Task details »
Give back exactly the lines of the entries below from the line with "冷门预警:沃尔夫斯堡效率不佳,霍芬海姆做客10场不败" to the line with "Pinout Values and Diagnostic Parameters", inclusive, and only those.

Given information »

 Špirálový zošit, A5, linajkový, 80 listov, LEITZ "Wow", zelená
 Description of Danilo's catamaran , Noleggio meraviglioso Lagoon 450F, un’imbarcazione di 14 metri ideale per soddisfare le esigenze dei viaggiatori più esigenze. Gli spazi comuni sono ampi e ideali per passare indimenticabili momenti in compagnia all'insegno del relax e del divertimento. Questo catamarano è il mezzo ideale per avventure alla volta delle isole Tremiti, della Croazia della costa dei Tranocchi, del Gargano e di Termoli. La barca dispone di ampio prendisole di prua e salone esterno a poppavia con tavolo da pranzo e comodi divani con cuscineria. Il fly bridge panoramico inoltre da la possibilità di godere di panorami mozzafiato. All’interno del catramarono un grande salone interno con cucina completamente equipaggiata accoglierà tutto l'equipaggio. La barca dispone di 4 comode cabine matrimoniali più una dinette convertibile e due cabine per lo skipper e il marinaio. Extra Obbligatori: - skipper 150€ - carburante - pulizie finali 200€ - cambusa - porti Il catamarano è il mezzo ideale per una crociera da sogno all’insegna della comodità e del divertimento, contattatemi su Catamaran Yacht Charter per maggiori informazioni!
* * *
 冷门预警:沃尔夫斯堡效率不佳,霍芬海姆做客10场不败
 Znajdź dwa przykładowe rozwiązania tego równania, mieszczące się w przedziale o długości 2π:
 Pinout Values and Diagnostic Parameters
---
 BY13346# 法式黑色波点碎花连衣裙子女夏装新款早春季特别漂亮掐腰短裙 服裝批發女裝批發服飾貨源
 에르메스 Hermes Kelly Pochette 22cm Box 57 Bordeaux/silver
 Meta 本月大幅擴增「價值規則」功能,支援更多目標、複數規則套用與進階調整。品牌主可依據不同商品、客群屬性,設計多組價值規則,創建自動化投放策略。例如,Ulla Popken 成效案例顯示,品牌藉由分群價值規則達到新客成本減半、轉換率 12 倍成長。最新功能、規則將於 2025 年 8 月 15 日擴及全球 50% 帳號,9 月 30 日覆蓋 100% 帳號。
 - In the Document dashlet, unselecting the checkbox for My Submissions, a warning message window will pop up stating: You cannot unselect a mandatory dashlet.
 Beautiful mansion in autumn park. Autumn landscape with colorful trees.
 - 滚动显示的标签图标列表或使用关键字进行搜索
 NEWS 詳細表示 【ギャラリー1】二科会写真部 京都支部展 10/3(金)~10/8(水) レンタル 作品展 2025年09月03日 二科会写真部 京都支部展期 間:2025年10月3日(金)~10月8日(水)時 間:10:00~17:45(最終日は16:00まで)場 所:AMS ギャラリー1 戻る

Output for this exercise »
 冷门预警:沃尔夫斯堡效率不佳,霍芬海姆做客10场不败
 Znajdź dwa przykładowe rozwiązania tego równania, mieszczące się w przedziale o długości 2π:
 Pinout Values and Diagnostic Parameters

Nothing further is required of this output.